The Archbishop of Manila said, however, that cultivating faith should continue even after the spiritual activities.
Pasig Bishop Mylo Hubert Vergara, chair for the papal visit committee on information and media relations, said the preparation for the occasion—coinciding with the Advent season or the preparation for the Lord’s coming—is also a reminder that a “simple, low-key” event is needed.
Vergara said the faithful should prepare for a “unique, special and varied” encounter during the Pope’s visit that mirrors God in the person of the Holy Father.
“This is an opportune time to also realize that Pope Francis is the Vicar of Christ on earth. [The Pope’s] visit can be seen as the visit of God to each of us,” Vergara said during the recollection.
At the Vatican, Filipino priests are holding a prayer vigil after hearing the news of another strong typhoon that was about to hit the country, according to Borongan Bishop Crispin Varquez.
Varquez made the statement in a homily hours before the expected landfall of Typhoon “Ruby” (international name: Hagupit) in Eastern Visayas yesterday evening.
“God is one with us during this time of pain,” he said.
In his homily delivered in Waray, Varquez appealed to the residents to be “thoughtful” of each other during disasters such as this even as he appealed to local business owners not to take advantage of the typhoon by raising the prices of basic commodities.
Varquez celebrated a special Mass on Saturday morning at the Bishop’s residence here, where at least 132 families (722 people) had been seeking shelter from the storm since Friday evening.
The evacuees, mostly the women, settled on the cartons and mattresses as they prayed for safety.
Heavy rains began pounding Eastern Samar before noon on Saturday. In Barangay B, a coastal village here, waves were seen rising to nearly 2 meters. Power supply was also interrupted in this city and in the municipality of Dolores.
In Dolores town, residents from Barangay Buenavista on Friday buried Basilio Sumook, a man in his 70s, before fleeing to the evacuation center at Dolores Central Elementary School.
After the storm
Parish priest Juan Adamson Albert from Dolores said the man died of heart attack when told of the coming strong typhoon.
In an interview after the Mass, Varquez expressed confidence that the scheduled visit of Pope Francis next month will push through, even after the disasters that struck the country.
The Pope is scheduled to visit Tacloban City in Leyte, which was hardest hit by Supertyphoon “Yolanda” in November 2013.

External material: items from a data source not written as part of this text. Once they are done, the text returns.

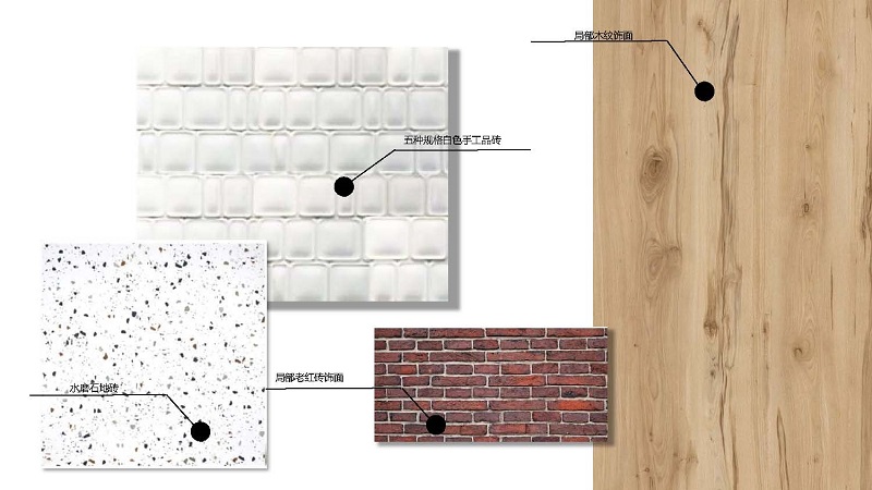 我们选择了老红砖饰面,手工瓷砖等原生态的物料,以及柔和温暖的木质。同时配上多种场景化的、充满热情和幸福感的色彩。
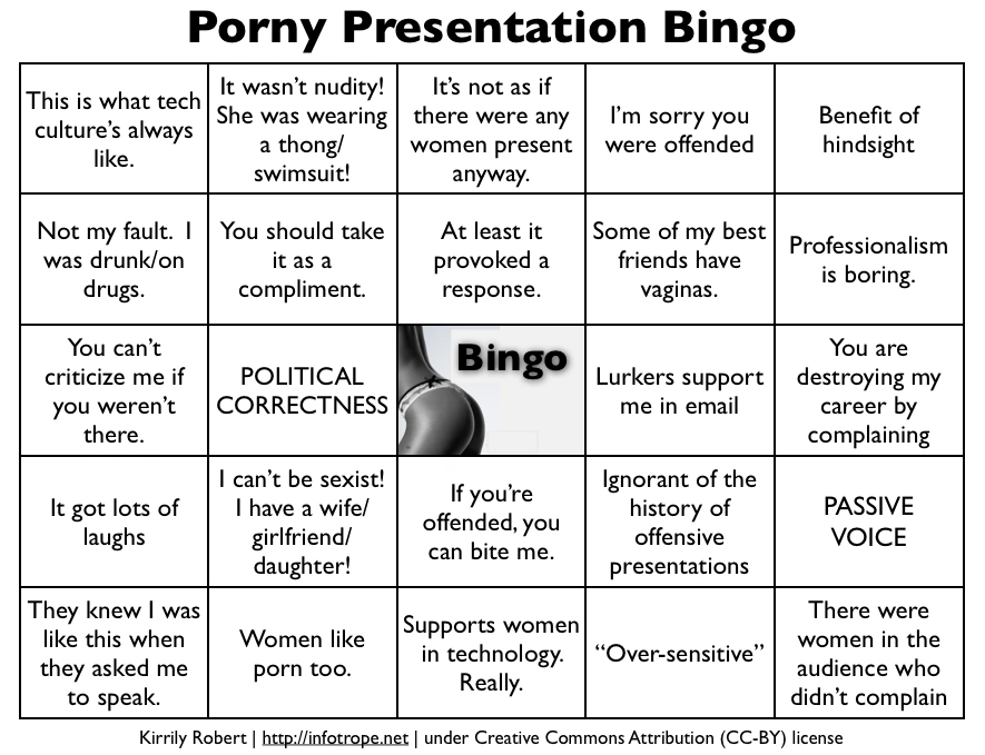 - "The topic of my talk was obvious, and I would have hoped that people who were likely to be offended would have simply chosen not to attend my talk or read my slides on the internet. It’s like complaining that television has too much material unsuitable for children, yet not taking steps to limit their viewing of it. You can’t have it both ways." -- translation: women should stay away from technical conferences -- or, hell, the whole industry! -- if they don't like being bombarded with porn.
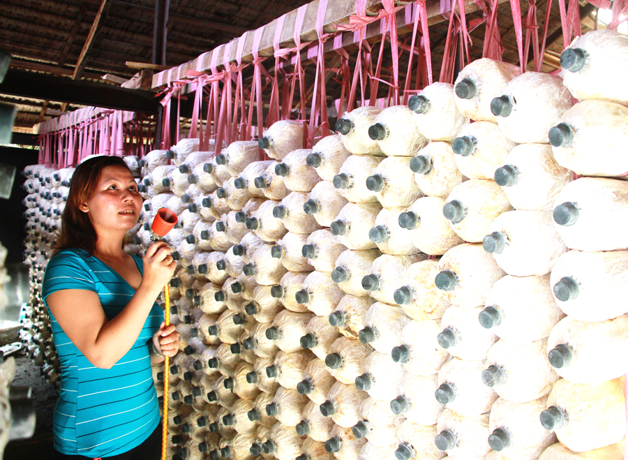 Chị Nga cho biết: “Loại nấm này dễ trồng, tôi có thể tận dụng thời gian nhàn rỗi để chăm sóc. Ngoài ra, sau khi thu hoạch, tôi tận dụng meo nấm cũ để trồng rau xanh rất tốt. Tôi sẽ tiếp tục tìm đầu mối thu mua để mở rộng mô hình này…”.
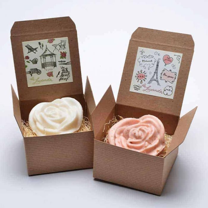 Incldues: 5 french soaps in gift box in various flavors, Pink heart guest soap, Rose French soap, Rose Bath Salt, and Deisgner thank you card with your verbage on it.

Rev. Neil Tenefrancia, the diocese’s communications officer, said he was in constant communication, through social media, with the Filipino priests in Vatican City, who told him that a prayer vigil was in progress.
“We will see the Pope himself,” Varquez told the evacuees. “But to those who do not have the money for the fare to [Tacloban City], you can watch him on TV,” Varquez told the evacuees.
Varquez also officiated a Mass at Seminario de Jesus Nazareno, also here, which houses at least 697 people.
“What he (the Pope) would see (during the visit to the Philippines) is something fresh from a typhoon,” Tenefrancia said.